Much like in Tarantino’s work, Waissbluth employs a pastiche aesthetic, though the Chilean director pulls from different influences than his American counterpart. The first scene involves the boys — Lalo the elder and Roberto the younger — staging an Old West shootout; here, we get the cinematic grammar of the Hollywood Western but with children and their toy guns. The film’s circus setting brings to mind the clown-obsessed Italian auteur Federico Fellini, and the reminiscent whimsy of the children’s journey calls to mind Amarcord, his Academy Award-winning masterpiece of nostalgia for childhood.

The majority of the film delightfully uses live action to tell a children’s fantasy story, though short animated sections convey the plot line of a Western comic that Roberto reads after finding it amid his grandfather’s belongings. The comic tells the tale of a horse named Elephant and his owner, who bears a striking resemblance to the brothers’  grandfather. Pen and ink drawings — stippled to duplicate antique comics’ Benday dot coloring — detail the heroes’ clashes with evildoers while performing at a circus. These widescreen, hand-drawn images are framed tableaus with very simple movement. The sequences opt instead to use visual shorthand for movement, like “speed lines” from comic books that indicate direction of movement.

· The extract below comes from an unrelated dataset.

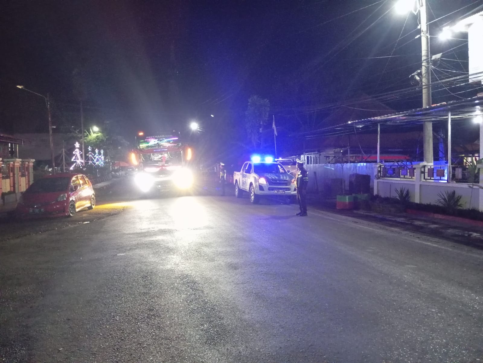 Tana Toraja — Satuan Lalu Lintas Polres Tana Toraja melaksanakan kegiatan Blue Light Patrol (BLP) berupa patroli malam dan pengaturan arus kendaraan di seputaran Kota Makale, Kabupaten Tana Toraja, Sabtu (21/2/26).

Comic books are responsible for one of the film’s best visual flourishes, drawn from the concept of “the gutter,”  which, in most comic books, is the blank border linking images in a sequence. This element — usually white — pulls together disparate images in a way that unites them in meaning. Waissbluth smartly uses a similar technique here. When Roberto begins reading a comic book story, a gutter-like white border surrounds the photographed image as we transition to animation. The film then transitions to live action, ensconced by white as the animated segment ends. The events of the film very clearly start reflecting those in Roberto’s comic book, and this device links the two accounts visually. The director’s gift for pastiche extends to his propensity for appropriation.

Subtlety, however, is not a part of Waissbluth’s filmmaking skill set. His script — written with Miguel Ángel Labarca and Daniel Laguna — bludgeons the viewer over the head with the same exposition again and again as if worried that anyone watching has a sieve-like short-term memory. The confluence between the boys’ story and the comic’s is often clumsily noted in the dialogue. The film also talks down to audiences with cliché-riddled lines like, “Grandpa asked us to set Elephant free. But it was him who set us free.”

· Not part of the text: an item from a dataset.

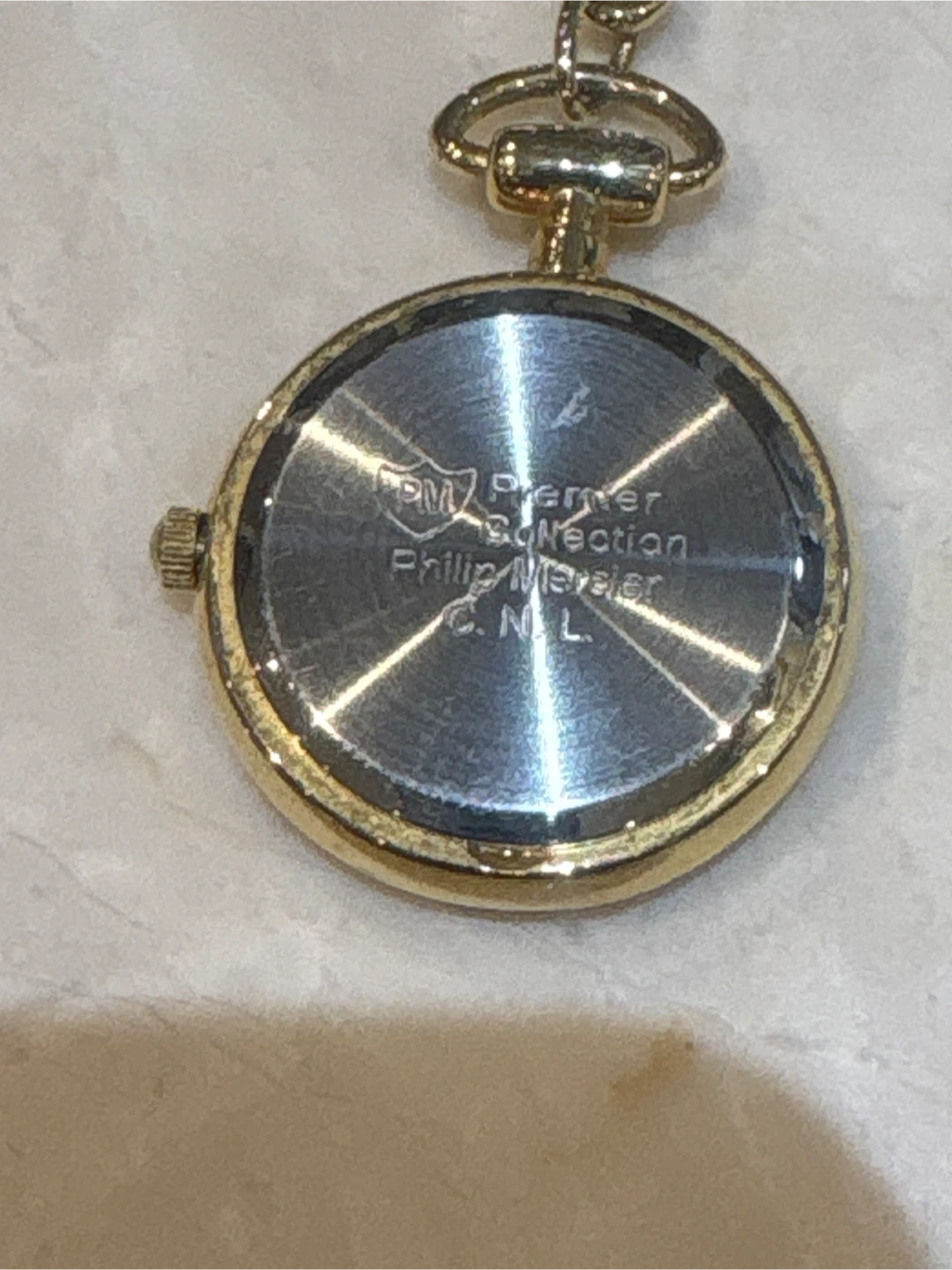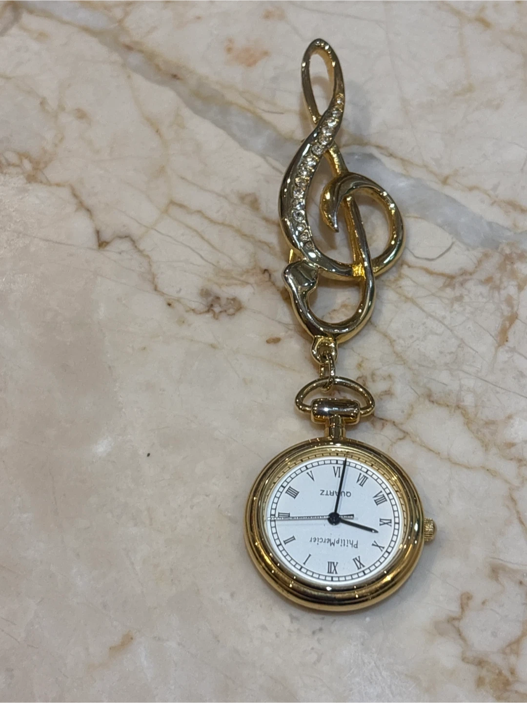 Selling a charming Phillip Mercier pendant watch! This unique timepiece features a gold-tone finish and a decorative music note design. It's in great condition and would make a lovely addition to any jewelry collection

Despite the screenplay’s repetition, Elephant, the Horse is a standout in the lately inactive world of live action’s children films. By prominently focusing some of those compositions on a horse’s bowel movements, the filmmakers give any reviewer an easy opportunity to refer to these images when colorfully describing the film’s quality. Luckily, Waissbluth’s skill as a visual storyteller helps the film avoid that moniker.

Un caballo llamado Elefante (“Elephant, the Horse”) is screening at the Museum of Modern Art (11 W 53rd St, Midtown West, Manhattan) on Sunday, April 2, at 2pm, and Saturday, April 8, at 4pm.